The correlations are colour-coded according to risk level. You can click on each one to learn more about the results. These are the results that Spiderfoot HX has flagged as being of high concern:
Spiderfoot HX has identified three subdomains on the target host that prompt for passwords but are unencrypted – an immediate red flag from a security point of view. The scan has also indicated that the host IP address and and its wider subnet are considered malicious by multiple sources. We can use Spiderfoot HX’s visualisation features to get a better understanding of this:
To visualise this search result, click on the number in the Data Elements column, then select the visualisation technique of your choice from the drop down menu. The image above is the All Data Node Graph (Random) visualisation.
This is the same data visualised with the Connectivity Chord option:
In the same way we can also visualise the wider malicious subnet:
Ouch! There’s a VirusTotal report for 13 different IPs on this subnet. The fact that all the malicious IPs are in sequential order might also offer some clues as to how they became hosts for malicious activity in the first place. This pattern may indicate that a bot crawled a range of IPs systematically, and was able to exploit the same vulnerability over and over again. If this is the case, we might be looking at a compromised host rather than domain created specifically for a phishing campaign.
Following up the VirusTotal results also leads to some more useful information about the type of malware being distributed by the target domain. There’s no need for us to visit and sample it ourselves:
The Correlations feature in Spiderfoot HX really helps to focus on the important issues. Out of all the data returned, the areas of interest that we specified during the initial setup have been flagged up right away so we can make a quick assessment about the type of threat posed by this domain and its wider subnet.

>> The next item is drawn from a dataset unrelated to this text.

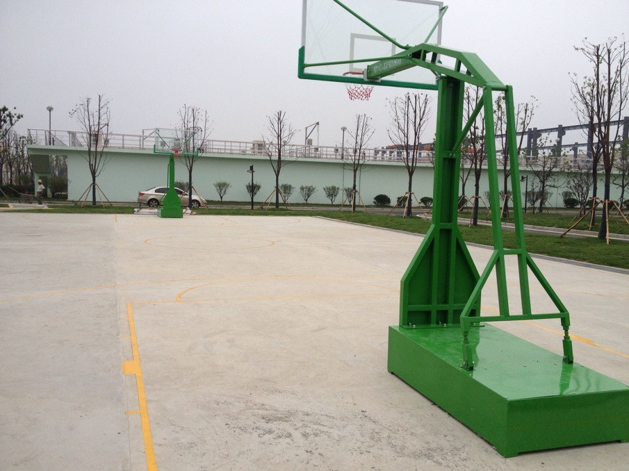 固定籃球架編輯 鎖定 固定籃球架分為真固定和假固定籃球架,真固定籃球架實(shí)際就是預(yù)埋籃球架,就是事先要在安裝籃球架的地面上挖坑,然后把籃球架配套的預(yù)埋件放下去,用準(zhǔn)備好的混凝土澆筑,等干燥了以后再把籃球架的架子及籃球板和籃球框部分安裝好。這種預(yù)埋式籃球架安裝好了以后真的就動(dòng)不了了,即使以后想要拆除的話,也只能把地面以上的部分帶走,底下的就得用挖掘機(jī)械把底下的部分?jǐn)U大范圍全部掏出來才行。這種籃球架常見的有這么幾種樣式,詳見圖冊。

What about the rest of the scan results? There’s plenty of useful analysis to be done with these too. To see the rest of the results, go to Browse By > Data Type:
The amount of information retrieved by Spiderfoot HX is considerable and we can learn an awful lot about the target. One of the first results identifies a Facebook page associated to the domain:
There’s also an awful lot of open ports:
And use of vulnerable software with several well-known CVEs:
The RIR (Regional Internet Registry) results also contain a lot of useful data about the host, including Whois data, associated e-mail addresses, HTTP banners, and HTML content:
To view more detail about any of the nodes, just right-click and choose “Details” to see more information. Nodes of interest can be highlighted, and if you’re ever unsure how a particular node is connected to the original query, you can look at the Discovery Path to find out. Right click on a node > Details > Discovery Path.
Because we chose a targeted scan rather than just a passive scan, there’s a lot of information that comes directly from the target website itself. Spiderfoot HX discovered 229 different URLs that accept passwords, 236 different HTML pages, 249 headers, and details of 45 co-hosted domains which are themselves likely to have been compromised. That’s more than enough information to learn about the domain and how it’s used for phishing.

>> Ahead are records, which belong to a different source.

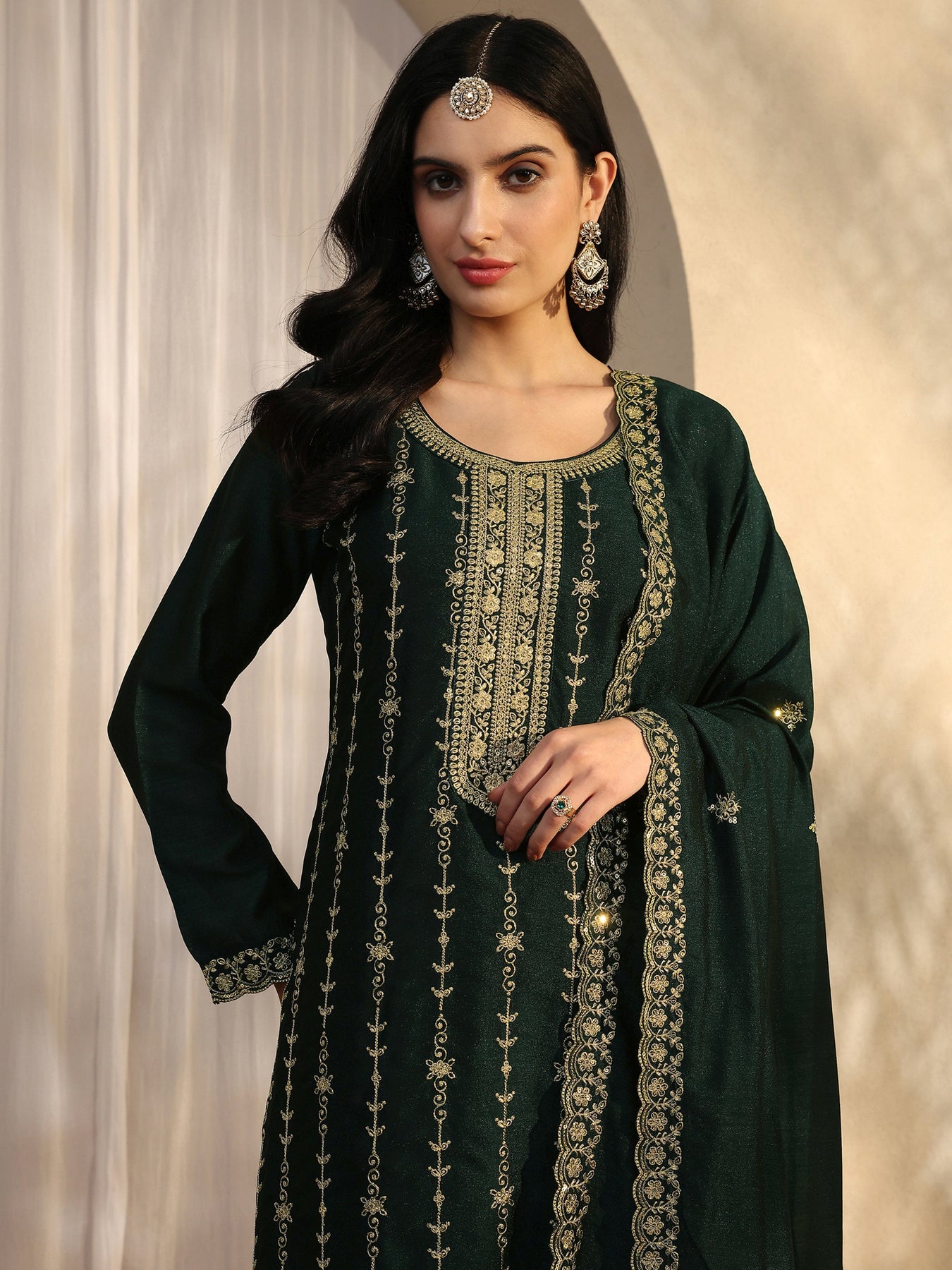 Green Embroidered Silk Blend Straight Suit Set With Dupatta
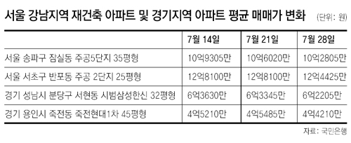 올 상반기 급등세를 보였던 서울 강남 지역과 경기 성남시 분당, 용인의 집값도 모두 하락세를 보였다.
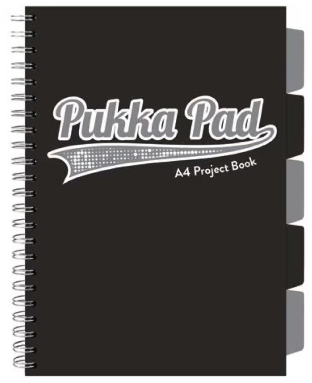 Caiet matematica cu spirala si separatoare A4 (100 file) - Pukka Pad Project Book (Negru)
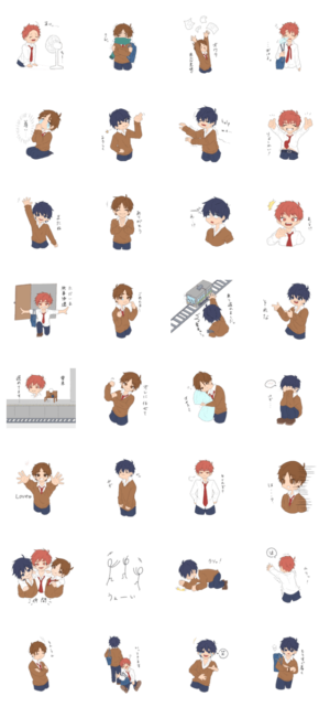 男子高校生3人の日常を描いたスタンプです。ash_blue より発売
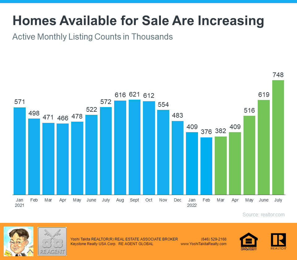 Continuing ReadingWhy You May Want To Start Your Home Search Today Why You May Want To Start Your Home Search Today | MyKCM If you’re thinking about buying a home, you likely have a lot of factors on your mind. You’re weighing your own needs against higher mortgage rates, today’s home prices, and more to try to decide if you want to jump into the market. While some buyers may wait things out, there’s a reason serious buyers are making moves right now, and that’s the growing number of homes for sale. So far this year, housing inventory has been increasing and that’s making the prospect of finding your dream home less difficult. While there are always reasons you could delay making a big decision, there are also always reasons to consider moving forward. And having a growing number of options for your home search may be exactly what you needed to feel more confident in making a move. What’s Causing Housing Inventory To Grow? As new data comes out, we're getting an updated picture of why housing supply is increasing so much this year. As Bill McBride, Author of Calculated Risk, explains: “We are seeing a significant change in inventory, but no pickup in new listings. Most of the increase in inventory so far has been due to softer demand - likely because of higher mortgage rates.” Basically, the inventory growth is primarily from homes staying on the market a bit longer (known as active listings). And that’s happening because higher mortgage rates and home prices have helped moderate the peak frenzy of buyer demand. The graph below uses data from realtor.com to show how much active listings have risen over the past five months as a result (shown in green): Why You May Want To Start Your Home Search Today | MyKCM Why This Growth Is Good News for You Regardless of the source, the increase in available housing supply is good for buyers. More housing supply actively for sale means you have more options as your search for your next home. A recent article from realtor.com explains just how significant the inventory growth has been and why it’s good news for your plans to buy: “Nationally, the inventory of homes actively for sale on a typical day in July increased by 30.7% over the past year, the largest increase in inventory in the data history and higher than last month’s growth rate of 18.7% which was itself record-breaking. This amounted to 176,000 more homes actively for sale on a typical day in July compared to the previous year and more choice for buyers who are still looking for a new home.” The growth this year is certainly good news for you, especially if you’ve had trouble finding a home that meets your needs. If you start your search today, those additional options should make it less difficult to find a home than it would have been over the past two years. Bottom Line If you’re ready to jump into the market and take advantage of the increasing supply of homes for sale, let’s connect today. The opportunity is knocking, will you answer?
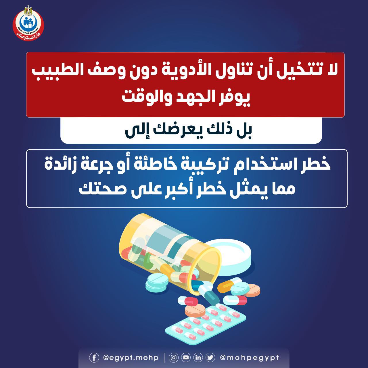 أكدت وزارة الصحة والسكان ، أنه لم يمكن أن نتصور أن تناول الأدوية دون وصف الطبيب يوفر الجهد والوقت، بل ذلك يعرضك لخطر استخدام تركيبة خاطئة أو جرعة زائدة مما يؤثر على صحتك.
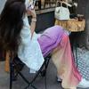 Ice Silk Pleated Tie Dye Summer Thin Gradient Color Wide Leg Pants Sun Protection Cool Beach Walking Pants

It’s possible to export any or all of these datasets into JSON, CSV or GEXF format for further analysis by clicking on the Export icon:
As you can see, Spiderfoot HX is highly customisable, very powerful, and it gathers a huge amount of data in a short amount of time so that users can spend more time analysing the data and actioning it rather than spending hours just gathering it.
So far in this series of Spiderfoot guides we’ve looked at malicious IP addresses and domains. In the next part I’ll explore how Spiderfoot HX can be used to research online profiles, phone numbers, and e-mail addresses – and how Spiderfoot HX’s monitoring feature can keep actively checking them as part of an OSINT investigation.